[PATCH] thermal: ti-soc-thermal: Disable the CPU PM notifier for OMAP4430
From: Peter Ujfalusi
Date: Thu Oct 29 2020 - 06:03:27 EST
It has been observed that on OMAP4430 (ES2.0, ES2.1 and ES2.3) the enabled
notifier causes errors on the DTEMP readout values:
ti-soc-thermal 4a002260.bandgap: in range ADC val: 52
ti-soc-thermal 4a002260.bandgap: in range ADC val: 64
ti-soc-thermal 4a002260.bandgap: in range ADC val: 64
ti-soc-thermal 4a002260.bandgap: out of range ADC val: 0
thermal thermal_zone0: failed to read out thermal zone (-5)
ti-soc-thermal 4a002260.bandgap: out of range ADC val: 0
thermal thermal_zone0: failed to read out thermal zone (-5)
ti-soc-thermal 4a002260.bandgap: out of range ADC val: 4
thermal thermal_zone0: failed to read out thermal zone (-5)
ti-soc-thermal 4a002260.bandgap: in range ADC val: 100
raw 100 translates to 133 Celsius on omap4-sdp, triggering shutdown due to
critical temperature.
When the notifier is disable for OMAP4430 the DTEMP values are stable:
ti-soc-thermal 4a002260.bandgap: in range ADC val: 56
ti-soc-thermal 4a002260.bandgap: in range ADC val: 56
ti-soc-thermal 4a002260.bandgap: in range ADC val: 57
ti-soc-thermal 4a002260.bandgap: in range ADC val: 57
ti-soc-thermal 4a002260.bandgap: in range ADC val: 56
Fixes: 5093402e5b44 ("thermal: ti-soc-thermal: Enable addition power management")

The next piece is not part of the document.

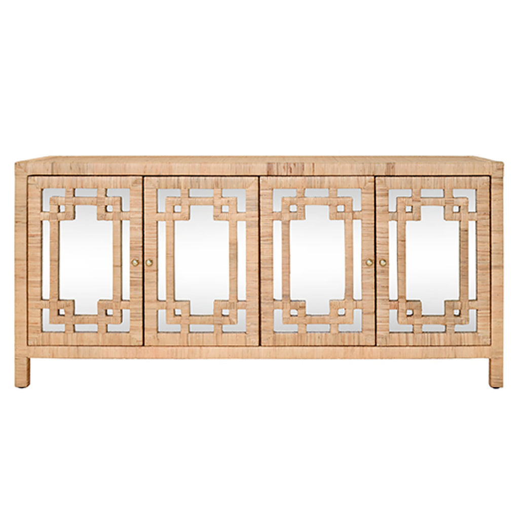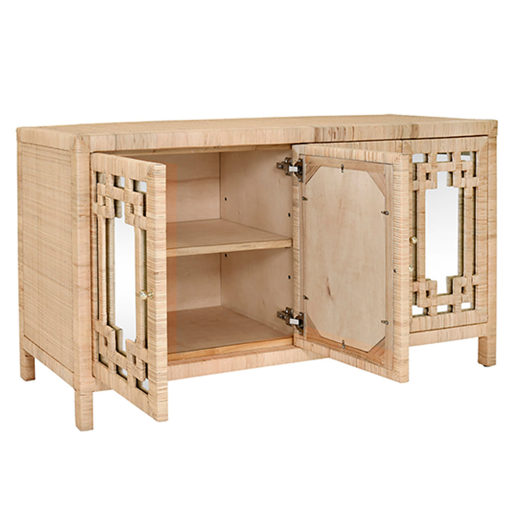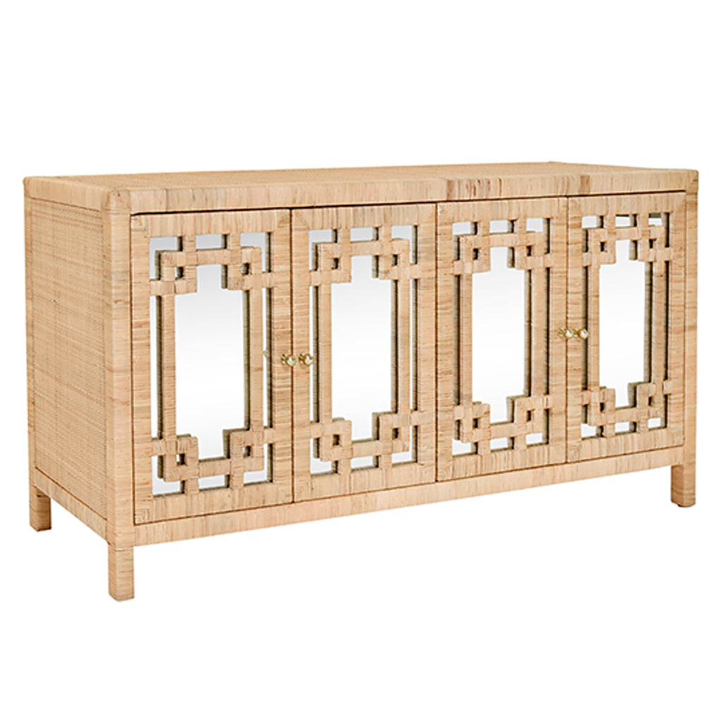 • 4 Door Buffet with mirror front doors and wrapped rattan

Signed-off-by: Peter Ujfalusi <peter.ujfalusi@xxxxxx>
---
Hi,
my omap4-sdp (Blaze) was shutting down randomly due to critical temperature with
5.10-rc1 and I have bisected it back to 5093402e5b44.

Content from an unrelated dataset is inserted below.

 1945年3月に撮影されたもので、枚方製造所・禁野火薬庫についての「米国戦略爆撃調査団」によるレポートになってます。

Disabling the notifier fixes the random shutdowns on OMAP4430 (ES2.0 and ES2.1)
but it does not cause any issues on OMAP4460 (PandaES) or OMAP3630 (BeagleXM).
Tony's duovero with OMAP4430 ES2.3 did not ninja-shutdown, but he also have
constant and steady stream of:
thermal thermal_zone0: failed to read out thermal zone (-5)

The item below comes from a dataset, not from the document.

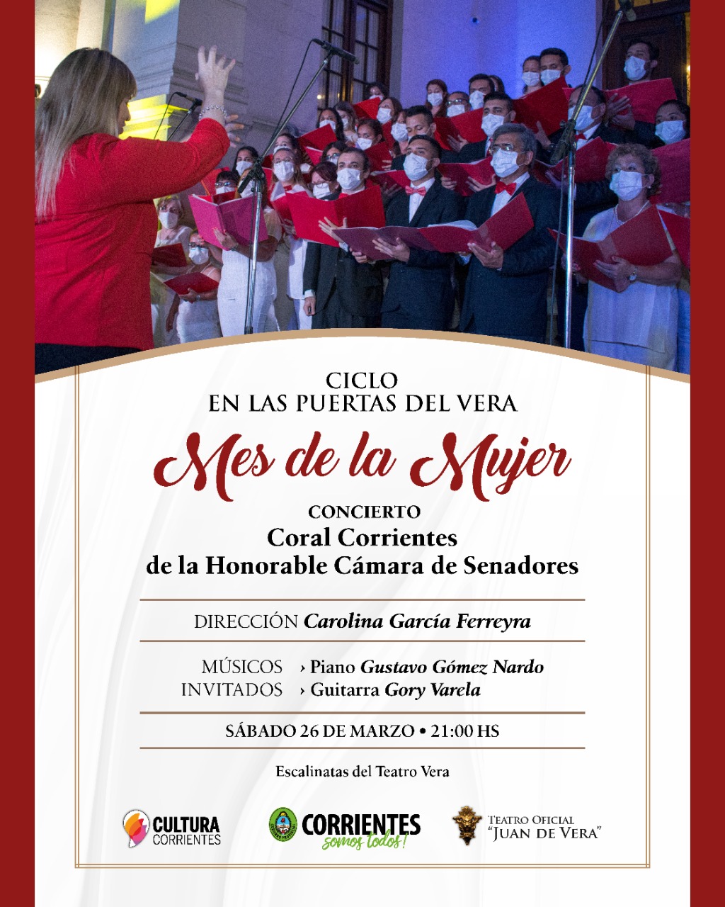 El Instituto de Cultura de Corrientes invita a la tercera presentación del Ciclo "En las Puertas del Vera", dedicado al Mes de las Mujeres Trabajadoras, que tendrá como protagonista a Coral Corrientes. Se presentará este sábado 26 de marzo, a las 21, en las escalinatas del teatro, con acceso libre.

pointing to similar issue.
Regards,
Peter
drivers/thermal/ti-soc-thermal/ti-bandgap.c | 18 ++++++++++++++++--
1 file changed, 16 insertions(+), 2 deletions(-)
diff --git a/drivers/thermal/ti-soc-thermal/ti-bandgap.c b/drivers/thermal/ti-soc-thermal/ti-bandgap.c
index 5e596168ba73..dcac99f327b0 100644
--- a/drivers/thermal/ti-soc-thermal/ti-bandgap.c
+++ b/drivers/thermal/ti-soc-thermal/ti-bandgap.c
@@ -20,6 +20,7 @@
#include <linux/err.h>
#include <linux/types.h>
#include <linux/spinlock.h>
+#include <linux/sys_soc.h>
#include <linux/reboot.h>
#include <linux/of_device.h>
#include <linux/of_platform.h>
@@ -864,6 +865,17 @@ static struct ti_bandgap *ti_bandgap_build(struct platform_device *pdev)
return bgp;
}
+/*
+ * List of SoCs on which the CPU PM notifier can cause erros on the DTEMP
+ * readout.
+ * Enabled notifier on these machines results in erroneous, random values which
+ * could trigger unexpected thermal shutdown.
+ */
+static const struct soc_device_attribute soc_no_cpu_notifier[] = {
+ { .machine = "OMAP4430" },
+ { /* sentinel */ },
+};
+
/*** Device driver call backs ***/
static
@@ -1020,7 +1032,8 @@ int ti_bandgap_probe(struct platform_device *pdev)
#ifdef CONFIG_PM_SLEEP
bgp->nb.notifier_call = bandgap_omap_cpu_notifier;
- cpu_pm_register_notifier(&bgp->nb);
+ if (!soc_device_match(soc_no_cpu_notifier))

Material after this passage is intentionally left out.